Case Explained:This article breaks down the legal background, charges, and implications of Case Explained: BOARDROOM TO COURTROOM: SEXUAL HARASSMENT AS THE CRIME IT IS. – Legal Perspective
Workplace sexual harassment is an abuse of power that violates bodily autonomy, dignity, and equality. Across sectors, young professionals, junior staff, interns, and those employed within the informal sector endure workplace sexual harassment in silence. Many never report, and those who do find their complaints are processed as human resources issues rather than criminal matters. This institutional separation between corporate discipline and criminal accountability is a core gap that must be addressed.
The Employment Act 2007 requires employers to adopt sexual harassment policies and establishes internal complaint mechanisms for addressing such issues. While this framework is important, it largely frames harassment as a workplace compliance issue. By contrast, Kenya’s broader legal framework, including the Sexual Offences Act 2006 and the Constitution, recognizes that violations of bodily autonomy, coercion, and sexual exploitation are criminal. Section 23 of the Sexual Offences Act 2006 specifically creates the offence of sexual harassment where a person in a position of authority or holding a public office persistently makes unwanted sexual advances or requests that are unwelcome. The problem, therefore, is not the absence of legislation but the failure to activate criminal processes when these legal elements are present.
The John Chebochok case illustrates this institutional disconnect. John Chebochok was exposed in a widely reported BBC investigative documentary for sexual exploitation of women workers on tea plantations. Despite this, he was cleared to stand for election as a director of the Toror Tea Factory under the Kenya Tea Development Agency. The High Court in Kericho recently found Chebokok unfit to hold public office due to the allegations. However, his exposure and professional consequences stemmed largely from a civil process that could not clearly spell out legal penalties for sexual exploitation and harassment.
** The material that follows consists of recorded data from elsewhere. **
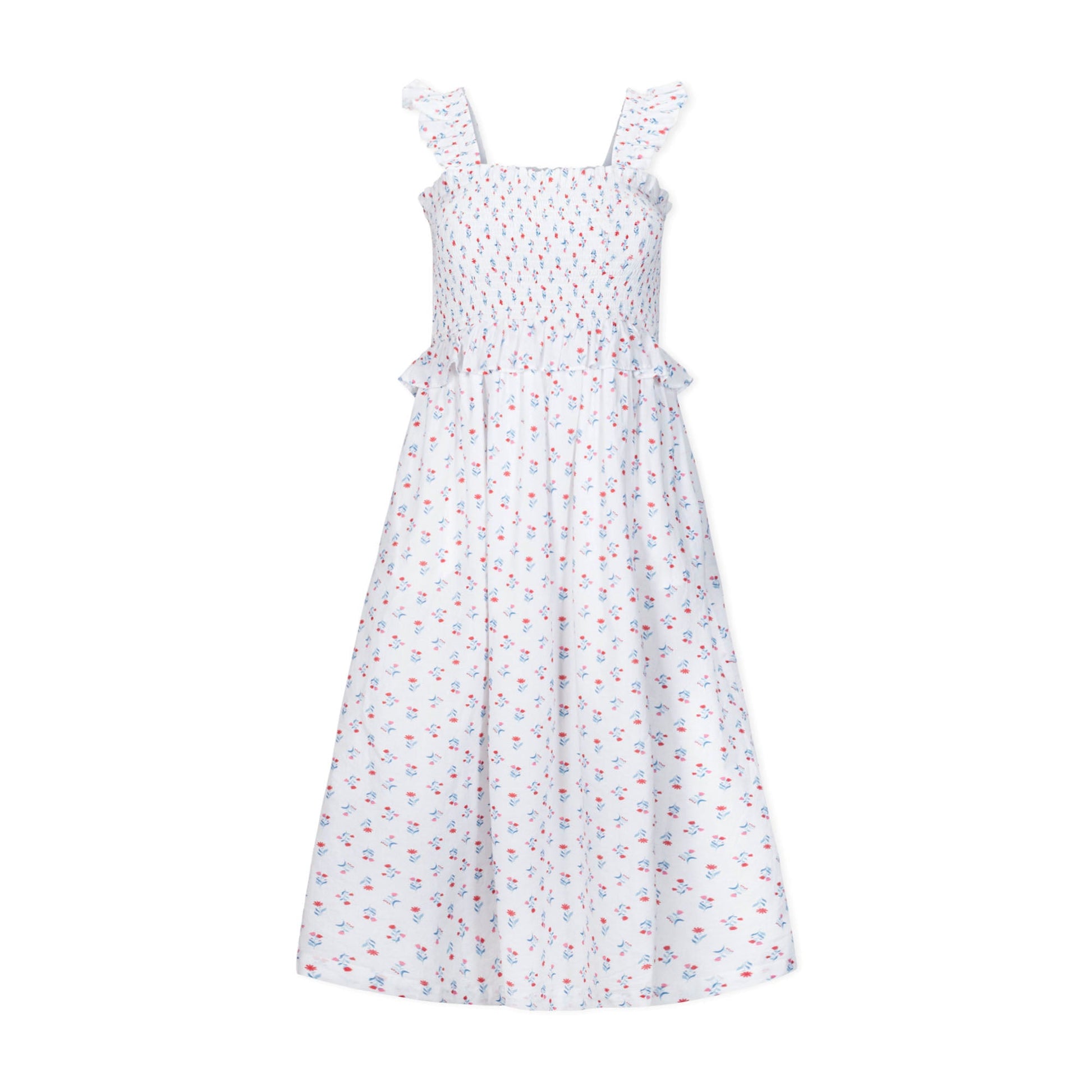Where pretty meets comfortable. Our beautiful sundress has feminine ruffled shoulder straps, a midi length skirt, and a stretchy and flattering smocked bodice. Cut in our soft organic cotton, this is the dress you'll want to wear all summer long. Fully lined in organic cotton. Can be dressed up or down with ease.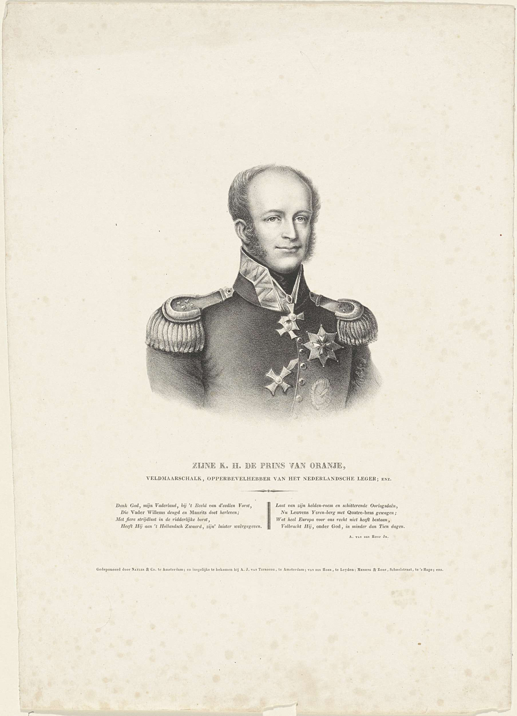 Portret van Willem II. In de ondermarge zijn titel. Daaronder zijn titels en twee kolommen met elk vier regels Nederlandse tekst in boekdruk over de Tiendaagse Veldtocht, van 2 tot 12 augustus 1831.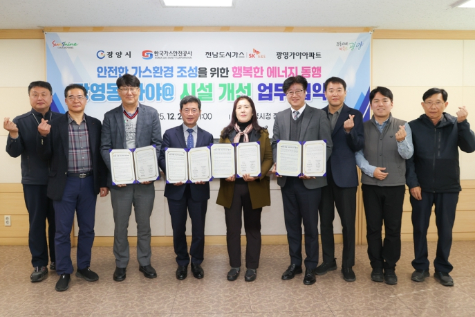 협약에 따라 광양시는 공동주택 가스 환경 개선 업무를 맡고, 한국가스안전공사 전남동부지사는 광양시의 가스안전관리 업무를 지원한다.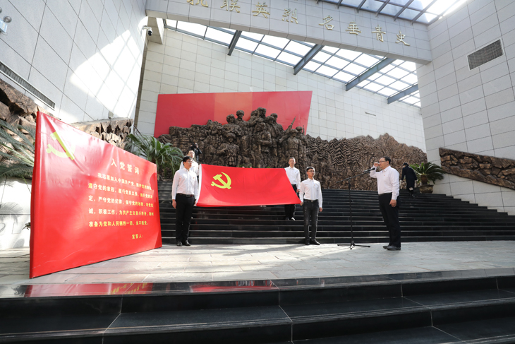 在陳列館一樓正廳,4名黨員代表向抗聯(lián)英雄雕塑敬獻了花籃,黨委書記曾慶捷、校長石巖為花籃整理緞帶,全體黨員領導干部集體向抗聯(lián)英烈三鞠躬,并在黨旗下進行了莊嚴的“重溫入黨誓詞”活動。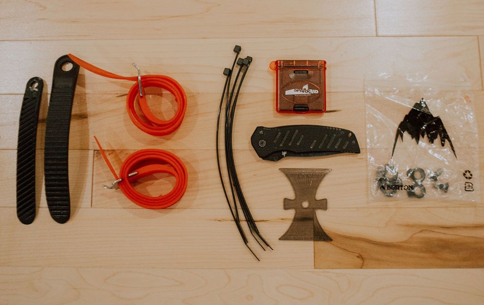 The snowboarding industry has done an amazing job of creating split gear that is built to last and rarely fails. That said, when you use your gear as much as I do, things can break. Missing something as small as a binding screw can turn you pow-day upside down. That’s why I always keep a slew of spare parts in my pack. Here's what I keep for spare parts: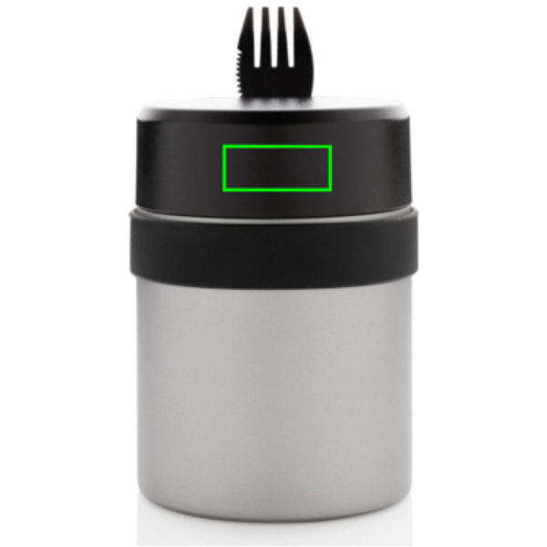 Känn inte smaken av stainless steel utan endast av maten eller soppan! En keramisk all over-coating har applicerats på insidan för att eliminera eventuell metallsmak. Håll innehållet varmt i upp till 5tim och kallt i upp till 15tim med denna vakuumisolerade mattermos. En allt-i-ett gaffel, kniv, sked medföljer. Läckagesäkert lock. Volym: 400ml. Registrerad design®

This is a pattern across sectors. Recently, the Law Society of Kenya witnessed a surge in sexual harassment complaints involving senior lawyers preying on junior advocates, pupils, and interns. Sadly, most of these cases remain contained within professional disciplinary systems rather than being prosecuted as criminal matters.
The tragedy is that survivors carry the burden of navigating two systems if they wish to pursue justice, dealing with both employer processes and police reporting. Add this to the reality that reporting to the police can be intimidating and retraumatizing. Many survivors fear retaliation, dismissal, blacklisting, and public shaming. The imbalance of power between employer and employee makes criminal reporting risky without institutional support.
How then do we close the gap without imposing new burdens on survivors? First, employers’ internal disciplinary mechanisms must be strengthened to include clear referral pathways. Employers should inform complainants of their right to pursue criminal remedies and provide access to legal aid to support informed decision-making. Second, complainants and witnesses must be protected from retaliation, including dismissal, demotion, contract non-renewal, or blacklisting. Third, organizations should bear a legal duty to preserve evidence and cooperate fully with investigators, and refrain from interfering or facilitating settlement agreements that obstruct justice.
As a long-term intervention, the Ministry of Labour, Social Security, and Services should consider a mandatory statutory reporting duty for employers where credible allegations disclose conduct that meets criminal thresholds, giving due consideration to survivor safety and agency.
Ending workplace sexual harassment requires dismantling the artificial wall between corporate governance and criminal justice. Employers cannot function as parallel justice systems. At the same time, the state cannot rely on traumatized individuals to carry the burden of activating prosecution alone. The system must be designed to carry them from complaint to protection to prosecution without sacrificing their livelihood or safety. When abuse of power in the workplace crosses into criminal conduct, it should not stop at the boardroom door.
Gaudence Were is Amnesty International Kenya Equality and Anti-Discrimination Campaign Officer and writes in her personal capacity.